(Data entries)
┌──

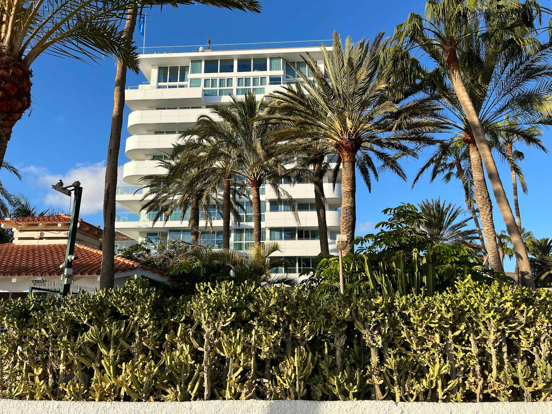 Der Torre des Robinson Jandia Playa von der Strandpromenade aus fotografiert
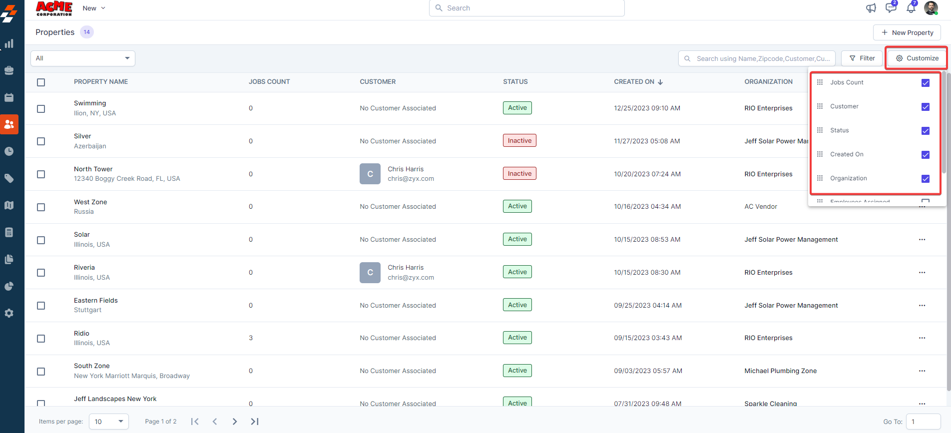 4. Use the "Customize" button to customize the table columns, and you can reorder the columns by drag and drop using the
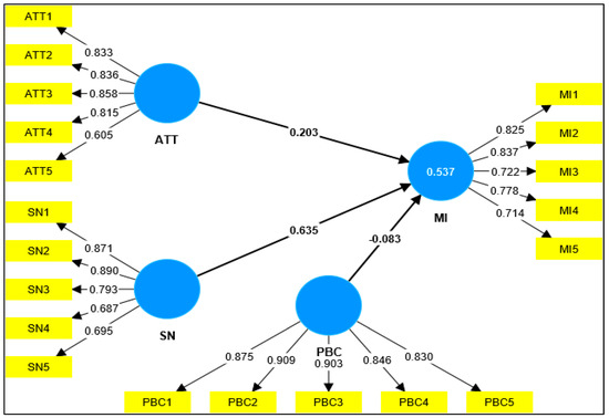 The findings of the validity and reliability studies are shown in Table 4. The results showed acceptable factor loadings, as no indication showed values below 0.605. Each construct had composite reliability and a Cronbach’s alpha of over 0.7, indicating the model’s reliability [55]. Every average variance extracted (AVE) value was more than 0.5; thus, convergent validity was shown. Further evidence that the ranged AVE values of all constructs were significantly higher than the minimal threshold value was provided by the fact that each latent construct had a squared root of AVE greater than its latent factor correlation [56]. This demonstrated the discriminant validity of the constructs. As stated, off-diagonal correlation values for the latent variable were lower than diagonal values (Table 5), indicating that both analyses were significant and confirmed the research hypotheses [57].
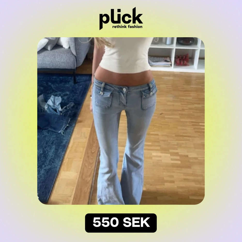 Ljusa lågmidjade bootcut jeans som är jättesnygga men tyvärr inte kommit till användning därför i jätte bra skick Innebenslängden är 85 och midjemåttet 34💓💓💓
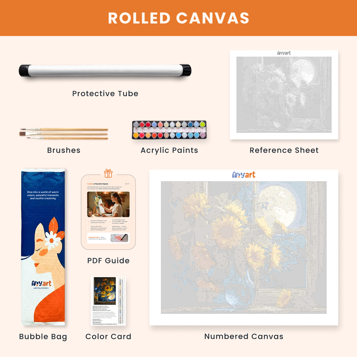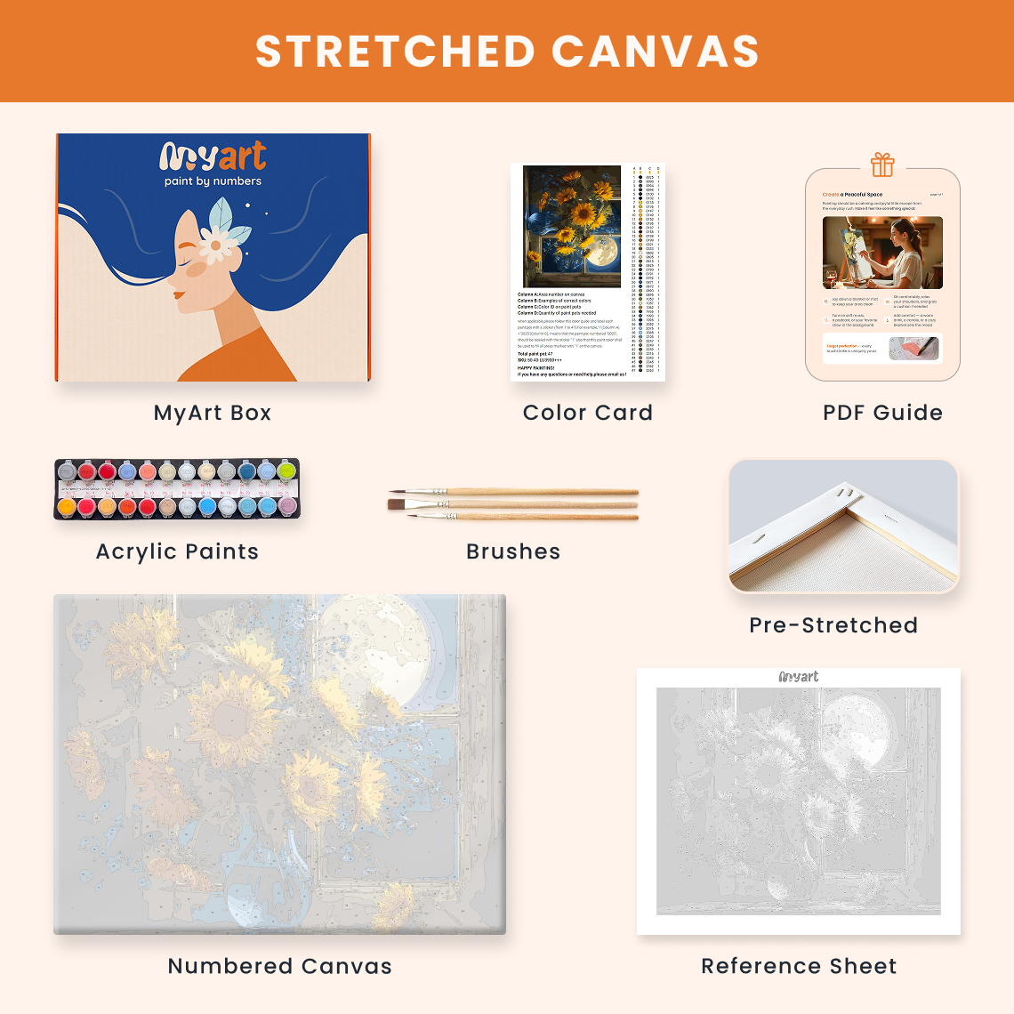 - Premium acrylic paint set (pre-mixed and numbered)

└──

◆ What to work on: All lines from the start of the entries through the one with "drop using the" are to be output exactly; omit the pictures.

◆ Solution to this task:
 Der Torre des Robinson Jandia Playa von der Strandpromenade aus fotografiert
 4. Use the "Customize" button to customize the table columns, and you can reorder the columns by drag and drop using the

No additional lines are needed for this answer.